◆ Extracted records ◆
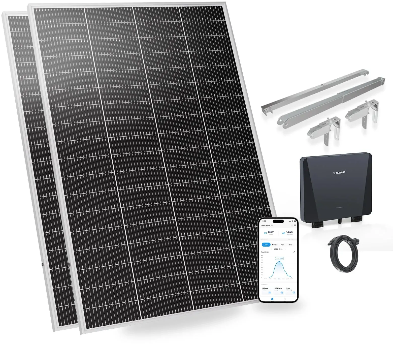 Zustand: Neu - Netzgebundene Systeme Netzgebundene Photovoltaikanlagen - Solakon - SK-011195-WH SK-011195-BH - - ð—˜ð—»ð—²ð—¿ð—´ð—¶ð—² ð—¶ð—ºð—ºð—²ð—¿ ð—¶ð—º ð—•ð—¹ð—¶ð—°ð—¸ - Mit der Solakon-App überwachen Sie Ihre Balkonkraftwerk Daten per WLAN-Funktion in Echtzeit. Sie sind direkt informiert über tägliche & jährliche Solarerträge & CO‚‚-Einsparungen! Dank einfacher Einrichtung und intuitiver Bedienung direkt startklar! Höchste Server-Standards durch deutsche Eigenentwicklung! ð—•ð—¶ð—³ð—®ð˜‡ð—¶ð—®ð—¹ð—² ð—¦ð—¼ð—¹ð—®ð—¿ð—ºð—¼ð—±ð˜‚ð—¹ð—² - Durch die bifazialen Solarmodule können Sie bis zu 30% mehr Energie erzeugen, bei gleicher Wattzahl. Die Technologie ermöglicht es, Sonnenlicht auf beiden Seiten der Module (Glas-Glas) zu nutzen. ð—£ð—¿ð—²ð—ºð—¶ð˜‚ð—º ð—•ð—®ð˜‚ð˜ð—²ð—¶ð—¹ð—² - Das 900W Balkonkraftwerk besteht nur aus hochwertigen Bauteilen. 2x bifaziale 450W TWMNH-48HD Solarmodule, 1x Growatt NEO 800W Wechselrichter, 2x 2,0m Verlängerungskabel, 1x 5m Kabel zur Steckdose & 1x Wechselrichterhalterung, 2x Wand Halterungen. ð—ªð—®ð—»ð—± ð—›ð—®ð—¹ð˜ð—²ð—¿ð˜‚ð—»ð—´ ðŸ¬-ðŸ¯ðŸ¬° - Die Photovoltaik Komplettanlage wird mit einer universellen Halterung für Ihre Wand/Fassade geliefert. Die Halterung kann kinderleicht an fast jeder Wand montiert werden. Der Winkel kann zwischen 0-30° eingestellt werden. ðŸ¯ðŸ¬ ð—ð—®ð—µð—¿ð—² ð—¹ð—¶ð—»ð—²ð—®ð—¿ð—² ð—Ÿð—²ð—¶ð˜€ð˜ð˜‚ð—»ð—´- Die Bauteile ... Dieses 800W SUNSHARE Ray Lite Balkonkraftwerk ist ein vormontiertes Komplettset, das eine schnelle Inbetriebnahme ermöglicht. ![]() ![]() SUNSHARE Ray Lite 800W Balkonkraftwerk mit Halterung ? Leichtes, vormontiertes Komplettset mit 800W Mikro-Wechselrichter & Solarpanel ? Geeignet für verschiedene Balkone ? Plug & Play
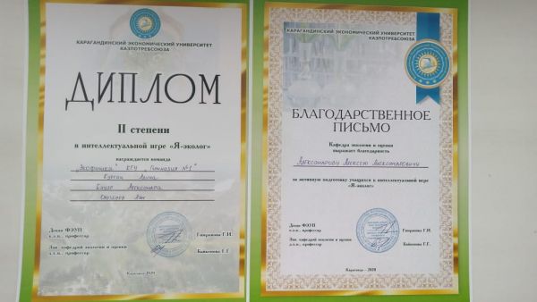 Курган Алина, Бауэр Александра и Оразбаев Аян (учитель Александров А.А.) награждены Дипломом 2 степени, Благодарственным письмом и призами за участие в интеллектуальной онлайн игре «Я -эколог&…
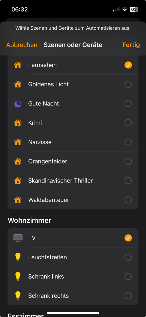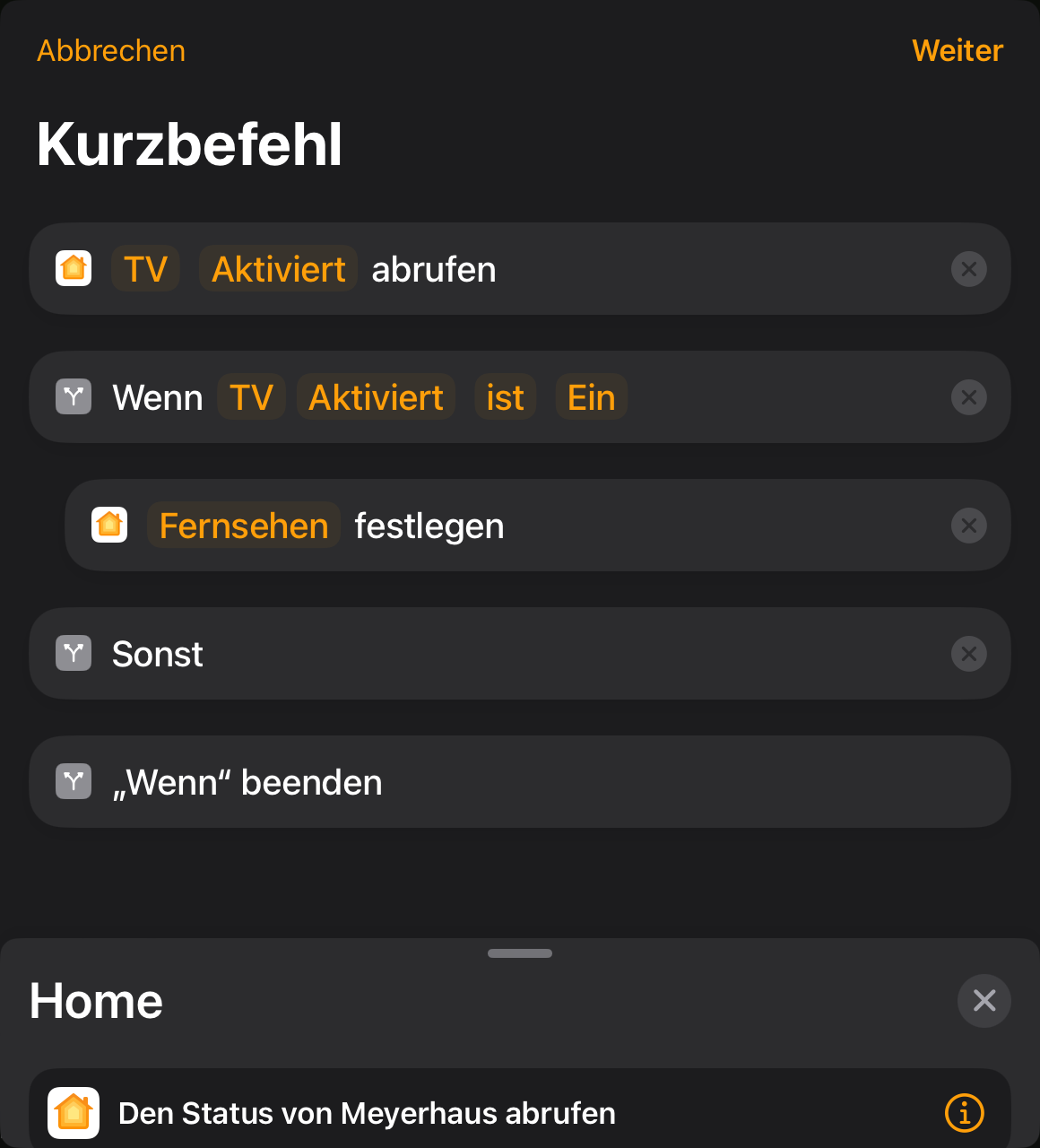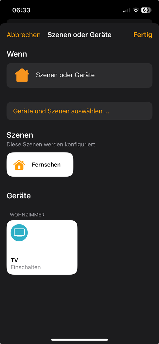 Die entscheidende Stelle sieht aber auch in meiner Home-App ganz anders aus als bei den Screenshots oben. Nachdem ich Szenen und Geräte ("Fernsehen" und TV) ausgewählt habe klicke ich ganz unten auf "In Kurzbefehl konvertieren" (Bild 1). Dann sehe ich Bild 2. Gehe ich dann unten bei "Geräte" auf TV, sehe ich Bild 3. Wozu die Auswahl "AirPlay", "PS5" oder "Live TV" da ist, kann ich nicht sagen. Offenbar kann der Fernseher zurückmelden, was gerade läuft, um andere Szenen zu starten.
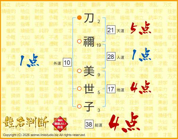 刀(2画)禰(19画) 美(9画)世(5画)子(3画)
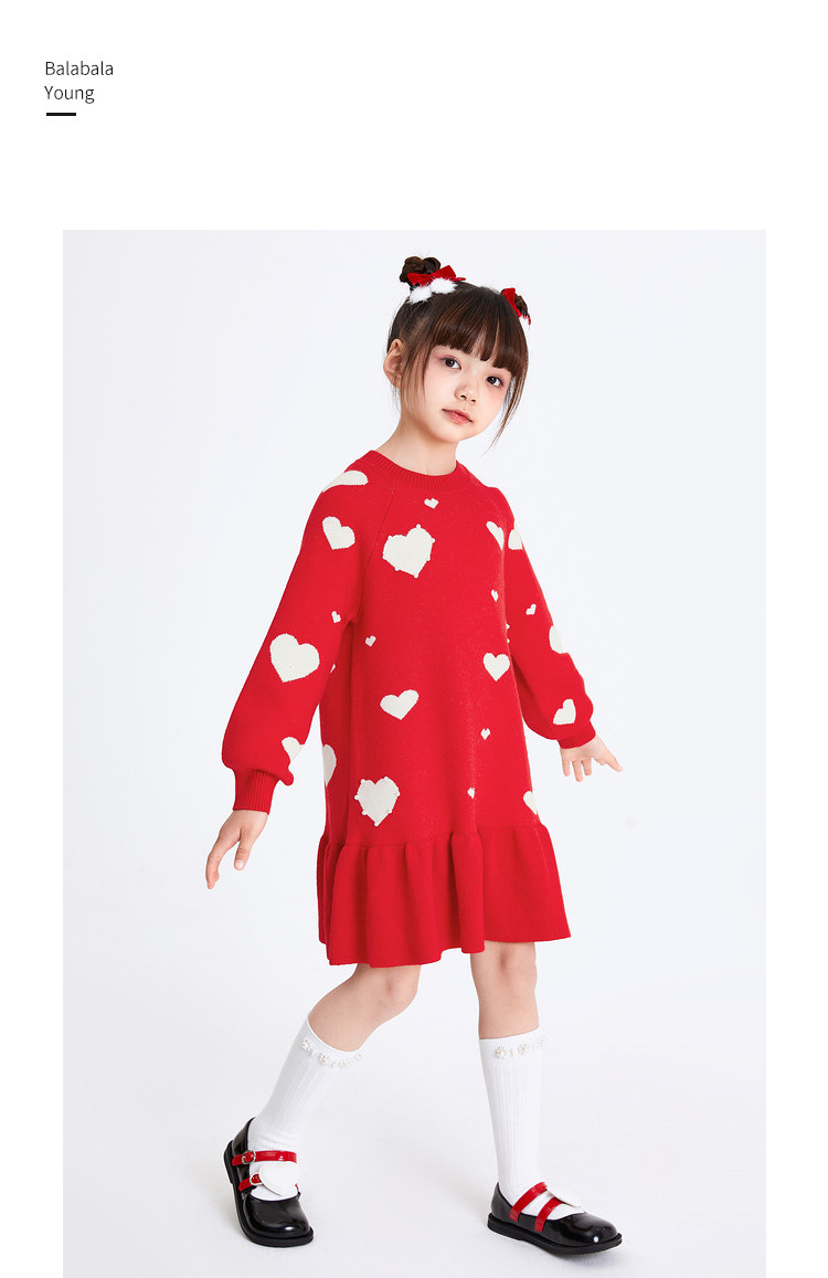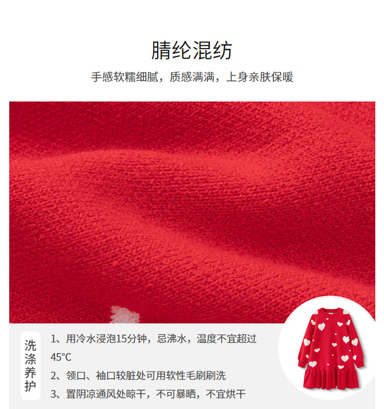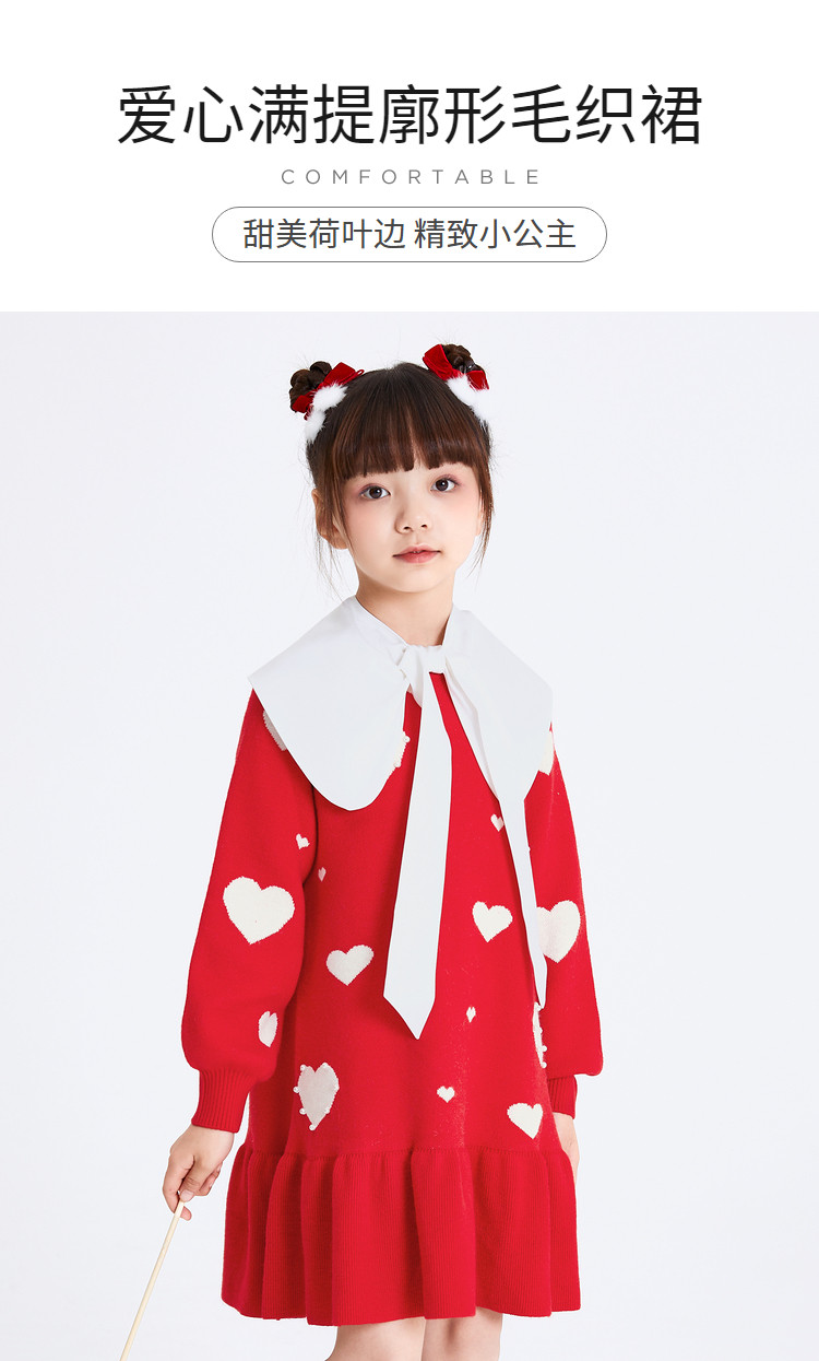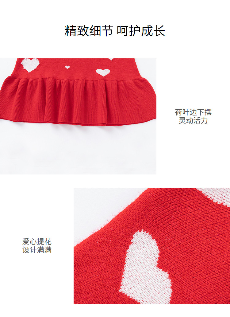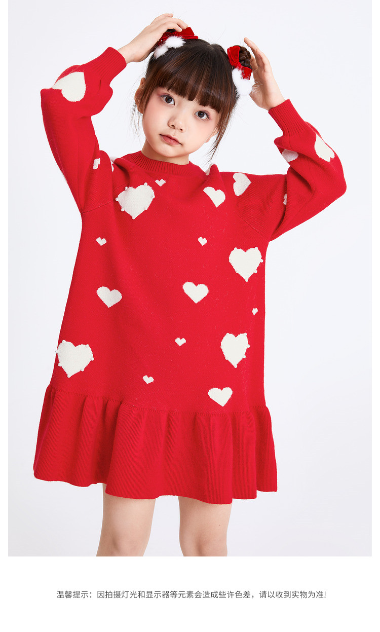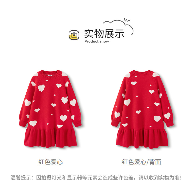 商品名称:爱心提花连衣裙春秋女童中长款儿童裙子中大童荷叶边保暖撞色国风 866373

◆ What is required ◆
Give the listing again, exactly as it appears, but without its images.

◆ Problem solution ◆
 Zustand: Neu - Netzgebundene Systeme Netzgebundene Photovoltaikanlagen - Solakon - SK-011195-WH SK-011195-BH - - ð—˜ð—»ð—²ð—¿ð—´ð—¶ð—² ð—¶ð—ºð—ºð—²ð—¿ ð—¶ð—º ð—•ð—¹ð—¶ð—°ð—¸ - Mit der Solakon-App überwachen Sie Ihre Balkonkraftwerk Daten per WLAN-Funktion in Echtzeit. Sie sind direkt informiert über tägliche & jährliche Solarerträge & CO‚‚-Einsparungen! Dank einfacher Einrichtung und intuitiver Bedienung direkt startklar! Höchste Server-Standards durch deutsche Eigenentwicklung! ð—•ð—¶ð—³ð—®ð˜‡ð—¶ð—®ð—¹ð—² ð—¦ð—¼ð—¹ð—®ð—¿ð—ºð—¼ð—±ð˜‚ð—¹ð—² - Durch die bifazialen Solarmodule können Sie bis zu 30% mehr Energie erzeugen, bei gleicher Wattzahl. Die Technologie ermöglicht es, Sonnenlicht auf beiden Seiten der Module (Glas-Glas) zu nutzen. ð—£ð—¿ð—²ð—ºð—¶ð˜‚ð—º ð—•ð—®ð˜‚ð˜ð—²ð—¶ð—¹ð—² - Das 900W Balkonkraftwerk besteht nur aus hochwertigen Bauteilen. 2x bifaziale 450W TWMNH-48HD Solarmodule, 1x Growatt NEO 800W Wechselrichter, 2x 2,0m Verlängerungskabel, 1x 5m Kabel zur Steckdose & 1x Wechselrichterhalterung, 2x Wand Halterungen. ð—ªð—®ð—»ð—± ð—›ð—®ð—¹ð˜ð—²ð—¿ð˜‚ð—»ð—´ ðŸ¬-ðŸ¯ðŸ¬° - Die Photovoltaik Komplettanlage wird mit einer universellen Halterung für Ihre Wand/Fassade geliefert. Die Halterung kann kinderleicht an fast jeder Wand montiert werden. Der Winkel kann zwischen 0-30° eingestellt werden. ðŸ¯ðŸ¬ ð—ð—®ð—µð—¿ð—² ð—¹ð—¶ð—»ð—²ð—®ð—¿ð—² ð—Ÿð—²ð—¶ð˜€ð˜ð˜‚ð—»ð—´- Die Bauteile ... Dieses 800W SUNSHARE Ray Lite Balkonkraftwerk ist ein vormontiertes Komplettset, das eine schnelle Inbetriebnahme ermöglicht. ![]() ![]() SUNSHARE Ray Lite 800W Balkonkraftwerk mit Halterung ? Leichtes, vormontiertes Komplettset mit 800W Mikro-Wechselrichter & Solarpanel ? Geeignet für verschiedene Balkone ? Plug & Play
 Курган Алина, Бауэр Александра и Оразбаев Аян (учитель Александров А.А.) награждены Дипломом 2 степени, Благодарственным письмом и призами за участие в интеллектуальной онлайн игре «Я -эколог&…
 Die entscheidende Stelle sieht aber auch in meiner Home-App ganz anders aus als bei den Screenshots oben. Nachdem ich Szenen und Geräte ("Fernsehen" und TV) ausgewählt habe klicke ich ganz unten auf "In Kurzbefehl konvertieren" (Bild 1). Dann sehe ich Bild 2. Gehe ich dann unten bei "Geräte" auf TV, sehe ich Bild 3. Wozu die Auswahl "AirPlay", "PS5" oder "Live TV" da ist, kann ich nicht sagen. Offenbar kann der Fernseher zurückmelden, was gerade läuft, um andere Szenen zu starten.
 刀(2画)禰(19画) 美(9画)世(5画)子(3画)
 商品名称:爱心提花连衣裙春秋女童中长款儿童裙子中大童荷叶边保暖撞色国风 866373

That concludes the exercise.